В том же году сыграли свадьбу великого князя Василия с Софьей, дочерью Витовта, князя литовского, который помог ему бежать из татарского плена.
По-прежнему в жизни княгини Евдокии семейные радости чередовались с горестями. Через четыре года после смерти князя Дмитрия умер их сын Иван, приняв при пострижении имя Иоасаф. А на следующий год после этого дочь Мария стала супругой сына литовского князя Ольгерда – Лугвения, князя мстиславского, который ради брака с московской княжной принял Православие с именем Симеон. Третья дочь, Анастасия, была выдана замуж за племянника тверского князя Михаила, Ивана Холмского, и он перешел на службу к московскому князю.
После смерти князя Дмитрия овдовевшая Евдокия с каким-то особым усердием взялась за обустройство Москвы. «Христолюбивая Великая Княгиня Евдокия, по отшествии к Богу святого и благородного супруга ее, вдовствуя более 18 лет… многие святые церкви поставила, и монастыри возвела…» – говорится об этом в летописи.
Уже в год смерти князя Дмитрия на княжеском дворе Евдокия начала устроение женского Вознесенского монастыря.
В прежние годы многие женские обители на Руси находились в зависимости от мужских, подчинялись их игуменам и порой просто отделялись от них одной стеной. Но с середины XIV века многое меняется, и это хорошо видно по тогда еще не столичной Москве.
Митрополит Московский Алексий построил в Москве женский монастырь, который имел двойное наименование – Зачатьевский и Алексеевский. Считается, что первыми насельницами обители стали родные сестры митрополита – игуменья Иулиания и монахиня Евпраксия. Этому монастырю митрополит Алексий дал новый устав и сделал независимым от мужских, отныне им управляли игуменьи.
По такому же уставу мать князя Владимира Храброго, княгиня Мария (в схиме Марфа) основала в Москве Рождественский монастырь, ставший местом упокоения многих знатных женщин.
Евдокии по-прежнему приходилось заниматься многими государственными делами вместе с боярами, принимать участие в их советах и пирах. Злые языки стали клеветать на княгиню, которая во время приемов появлялась в роскошных, подобающих ее княжескому достоинству одеждах, говоря, что она опять думает выйти замуж.
Слухи дошли до ее сыновей, как-то они сказали об этом матери, и тогда, «желая спасти детей своих от греха осуждения», как говорится об этом в акафисте, Евдокия приоткрыла свою одежду, и они увидели ее плоть, изможденную не только постами, но и веригами. Сыновья бросились просить у матери прощения, и она просила их не мстить клеветникам, только сказала: «Дети, не верьте никогда внешнему!»
В 1395 году москвичам предстояло пережить еще одно нашествие татар.
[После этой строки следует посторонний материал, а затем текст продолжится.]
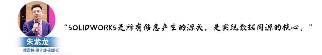 到2022年,SOLIDWORKS已经成为德固特日常设计的基本软件,覆盖率超过80%。SOLIDWORKS不仅是一个设计工具,它更是所有信息产生的源头,是实现数据同源的核心,为我们的设计工作提供了坚实的基础和便捷的平台。通过SOLIDWORKS,我能够将设计与制造高度整合,促进团队之间的紧密合作与无缝沟通,为项目的顺利进行提供坚实基础。

Тамерлан, опустошив многие русские города и земли, подошел совсем близко к Москве.
По совету святителя Киприана и князя Василия в Москву была принесена икона Пресвятой Богородицы из Владимира. Народ на коленях со слезами встречал святой образ, причитая: «Матерь Божия, спаси землю Русскую!»
В тот же самый день Тамерлану было видение жены светоносной в воздухе, он в смятении повернул свою армию обратно. На том месте, где народ встречал Владимирскую икону, князь Василий велел заложить Сретенский монастырь.
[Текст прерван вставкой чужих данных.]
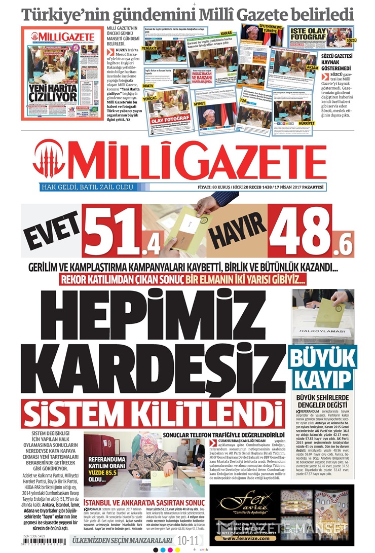 ‘Milletin kararının iç ve dış düşmanlara tokat gibi indiği’nden bahseden gazete, şöyle yazdı: “Hainlerin ve Pensilvanya’daki elebaşlarının son umudu sandıktı! Algı operasyonları ile milli iradeye yine yön vermeye kaltılar. Ama son ‘gülen’ yine millet oldu. Çoğu FETÖ’cü tutuklulardan oluşan 21 cezaevinden ‘Hayır’ oyu çıktı.”

Осенью 1405 года великий князь Василий с семьей и многочисленные бояре собрались на княжеском дворе принимать росписи в недавно построенном новом Благовещенском храме. Храм расписывали известный художник Феофан Грек, некий Прохор из Городца (город неподалеку от Нижнего Новгорода) и русский монах-иконописец Андрей Рублев.
Должно быть, Андрей Рублев стоял где-то в сторонке, и в центре внимания был Феофан, к тому времени украсивший фресками, как говорит летопись, «более сорока церквей каменных» в Царьграде, Халкидоне, Великом Новгороде, Нижнем Новгороде, Серпухове и других городах. Но уже подходило время Андрея Рублева и его русского (как теперь его называют, московского) стиля с плавными линиями и светлыми весенними красками.
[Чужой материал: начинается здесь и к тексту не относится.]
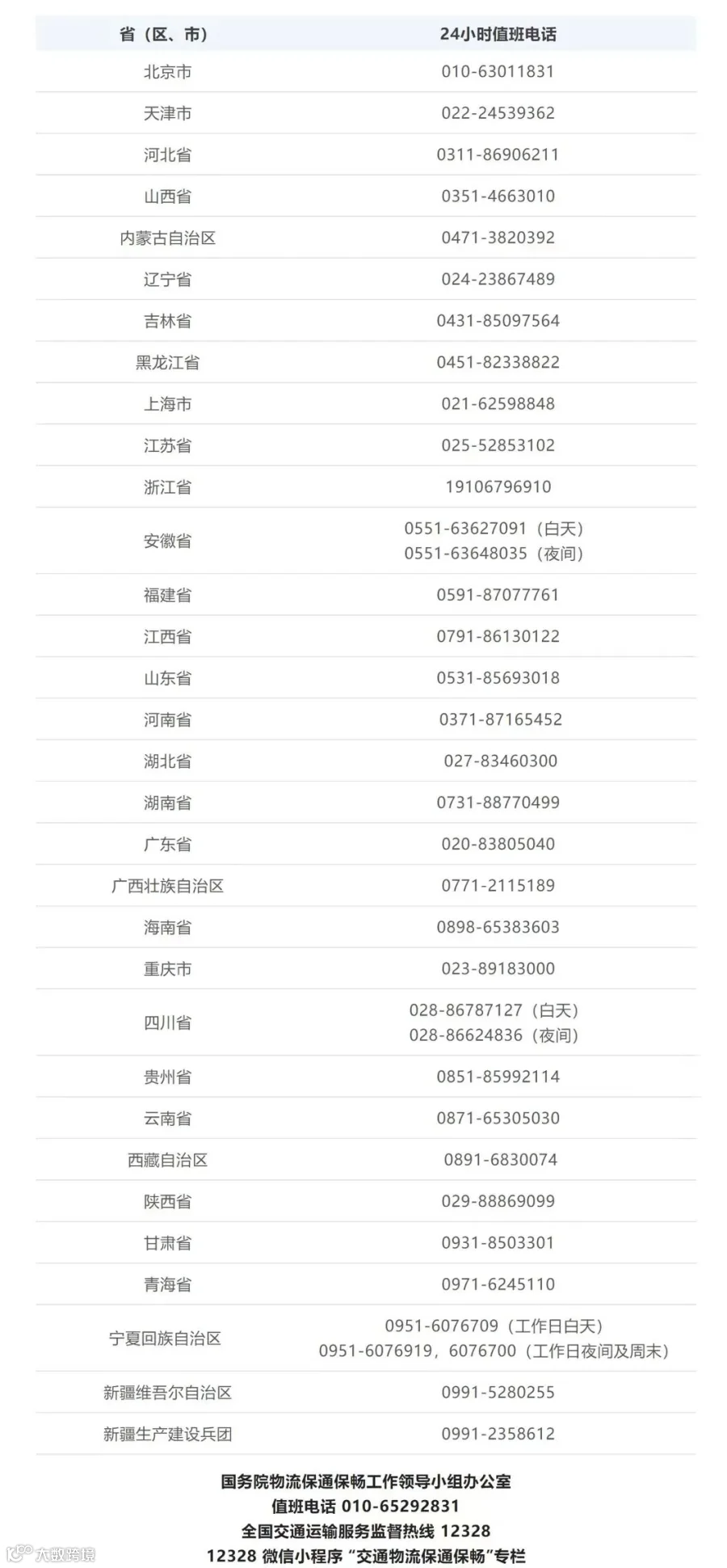 各省交通物流保通保畅24小时值班电话

На удивление быстро строилась, восстанавливалась после всех потрясений XIV века молодая Москва. Всего-то двадцать лет прошло после разорения и страшного пожара, оставленного ханом Тохтамышем, а повсюду в Кремле уже высились резные терема в несколько этажей с башенками, галереями и высокими крыльцами, появились новые соборы и колокольни.
На месте колокольни Ивана Великого в то время стояла церковь Иоанна Лествичника, для которой была выстроена первая и самая высокая колокольня в Москве. Именно для нее мастер колокольного литья Борис, как пишут историки, отлил первые большие колокола.
А в 1404 году в Москве на княжеском дворе были установлены еще и диковинные часы. Каждый час на них появлялась человеческая фигурка и била в колокол, отмеряя время. Эти часы сделал пришедший в Москву с Афона сербский монах Лазарь.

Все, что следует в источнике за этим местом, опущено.